È quello che ha avuto modo di scoprire durante i suoi laboratori nelle scuole Chiara, dove evita di utilizzare la parolagioco associata alla matematica davanti ai professori.E allora utilizza il termine sport, perché anche con la matematica ci si allena, perché si può competere, e non come geni solitari, ma collaborando, apprendendo con gli altri. In questo modo riesce a far sorridere i ragazzi di fronte la matematica, tanto che non vogliono uscire dalla classe quando suona la campanella.

Merito anche della grande passione che riesce a trasmettere per le discipline Stem (acronimo inglese che sta per : Science, Technology, Engineering, and Mathematics)

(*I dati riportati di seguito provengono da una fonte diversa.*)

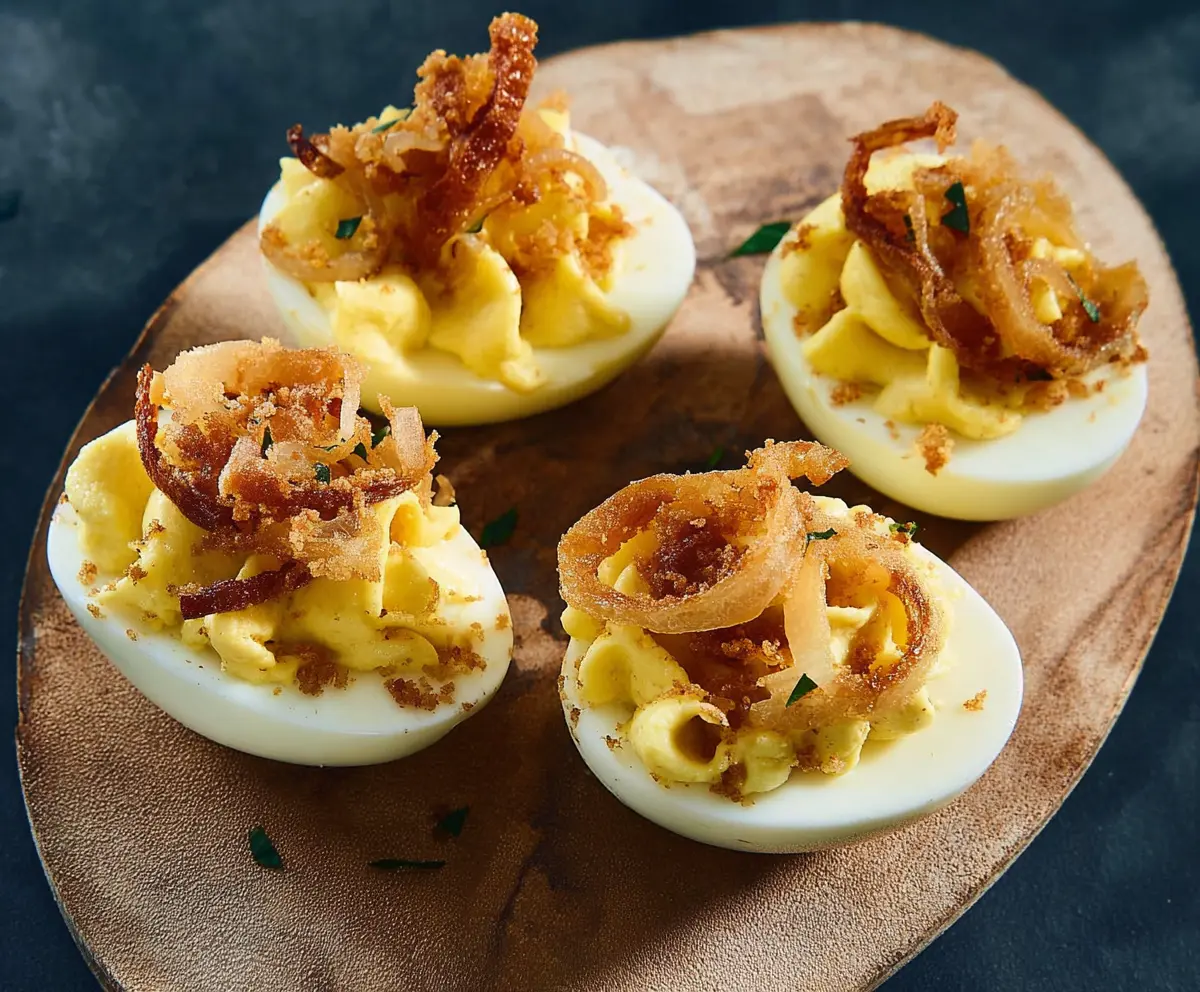 French Onion Deviled Eggs are a tasty twist on a classic snack! They mix creamy egg yolks with the delicious flavors of French onion soup, topped with crispy onions for crunch.

E i genitori? Complici o arbitri? Una cosa è certa secondo le relatrici di questo panel, non devono mai smettere di giocare.Fjona Cakalli, co-fondatrice di Tech Princess, ci racconta come siano stati proprio i suoi genitori a introdurla al mondo dei videogiochi regalandole molto piccola un Nintendo, e ancora adesso condividono insieme a lei questa passione.

[…]

È un peccato che l’età del gioco finisca con l’infanzia o l’adolescenza afferma Maria Xanthoudaki – direttore Education & CREI del Museo Nazionale della Scienza e della Tecnologia Leonardo da Vinci, e curatrice della Tinkering Zone – proseguendo il discorso. “Gli adulti dovrebbero avere esperienza diretta e non smettere mai di giocare. Ognuno di noi, qualsiasi età, dovrebbe essere in grado di avere una propria esperienza e quindi opinione di cos’è il gioco di oggi, mettere le mani sulle cose”.

E alla domanda sull’insegnamento della tecnologia risponde: “La tecnologia non è una materia, è uno strumento. La tecnologia ci consente di essere creatori di contenuti, non solo semplici fruitori. Tutti noi abbiamo conoscenze e misconoscente, abbiamo opinioni e possiamo contribuire anche noi attraverso la tecnologia condividendo con il resto della comunità. Siamo tutti esperti, a modo nostro portiamo conoscenza”.

Tutti d’accordo nel precisare che la tecnologia, quindi, è uno strumento e l’educazione al digitale non è l’educazione ai social media. “La mia autorevolezza non sta nelle mie competenze, ma nello stare affianco ai ragazzi e imparando a imparare sempre. Si deve scegliere se fare lo spettatore o fare il protagonista. Imparare ad apprendere, decidere da soli cosa fare, non aspettare che qualcuno ci dica cosa fare, ci insegni. Offrire delle possibilità, questa è la sfida di noi adulti”, è ancora Barbara Laura Alaimo a mettere il focus sulla parola educazione, piuttosto che su digitale.

[…]

In panel si conclude parlando di competenze del futuro, creatività, flessibilità, imprenditorialità, collaborazione, il poter crearsi delle stazioni nuove senza paura. E a una domanda del pubblico sulla cattiva maestra tecnologia Barbara risponde “Occorre crescere una persona integrale: videogioco, sport e aria aperta. Difficile da gestire come genitore, ma anche doveroso. La tecnologia non toglie tempo ad altre cose, ne è un arricchimento. Vince l’et et e non l’aut aut.